Yan Xiao-Ying, Zhang Shao-Wu
Key Laboratory of Information Fusion Technology of Ministry of Education, School of Automation, Northwestern Polytechnical University, Xi'an, 710072, China.
College of Computer Science, Xi'an Shiyou University, Xi'an, 710065, China.
Curr Protein Pept Sci. 2018;19(5):498-506. doi: 10.2174/1389203718666161108101118.
During the development process of new drugs, identification of the drug-target interactions wins primary concerns. However, the chemical or biological experiments bear the limitation in coverage as well as the huge cost of both time and money. Based on drug similarity and target similarity, chemogenomic methods can be able to predict potential drug-target interactions (DTIs) on a large scale and have no luxurious need about target structures or ligand entries.

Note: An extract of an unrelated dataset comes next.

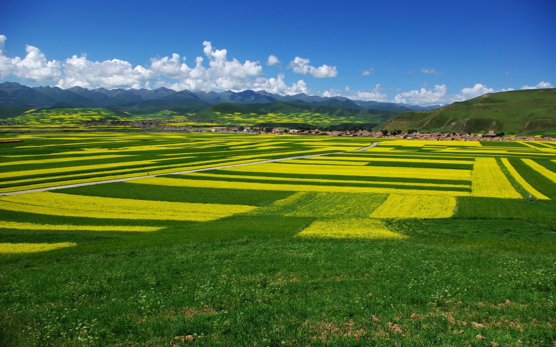 Mondo naturale. Campo con fiori sullo sfondo delle montagne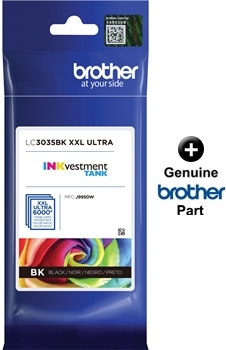 This genuine LC3035BK (XXL) (6,000 Yield) OEM Brother ink will not void your machine's warranty and is backed by the manufacturer guarantee.

In order to reflect the cases that the drugs having variant structures interact with common targets and the targets having dissimilar sequences interact with same drugs. In addition, though several other similarity metrics have been developed to predict DTIs, the combination of multiple similarity metrics (especially heterogeneous similarities) is too naïve to sufficiently explore the multiple similarities.
In this paper, based on Gene Ontology and pathway annotation, we introduce two novel target similarity metrics to address above issues. More importantly, we propose a more effective strategy via decision template to integrate multiple classifiers designed with multiple similarity metrics.

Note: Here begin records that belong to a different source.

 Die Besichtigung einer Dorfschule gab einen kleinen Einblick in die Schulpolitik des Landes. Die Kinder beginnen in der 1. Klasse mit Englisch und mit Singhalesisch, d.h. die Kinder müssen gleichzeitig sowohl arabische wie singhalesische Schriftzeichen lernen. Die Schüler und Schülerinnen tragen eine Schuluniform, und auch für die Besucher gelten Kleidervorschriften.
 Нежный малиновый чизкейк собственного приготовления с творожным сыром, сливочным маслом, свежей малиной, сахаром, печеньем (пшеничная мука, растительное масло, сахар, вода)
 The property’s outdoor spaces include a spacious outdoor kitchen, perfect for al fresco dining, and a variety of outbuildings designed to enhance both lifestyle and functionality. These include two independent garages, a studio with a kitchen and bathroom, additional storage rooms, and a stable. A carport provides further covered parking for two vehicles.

In the scenarios that predict existing targets for new drugs and predict approved drugs for new protein targets, the results on the DTI benchmark datasets show that our target similarity metrics are able to enhance the predictive accuracies in two scenarios. And the elaborate fusion strategy of multiple classifiers has better predictive power than the naïve combination of multiple similarity metrics.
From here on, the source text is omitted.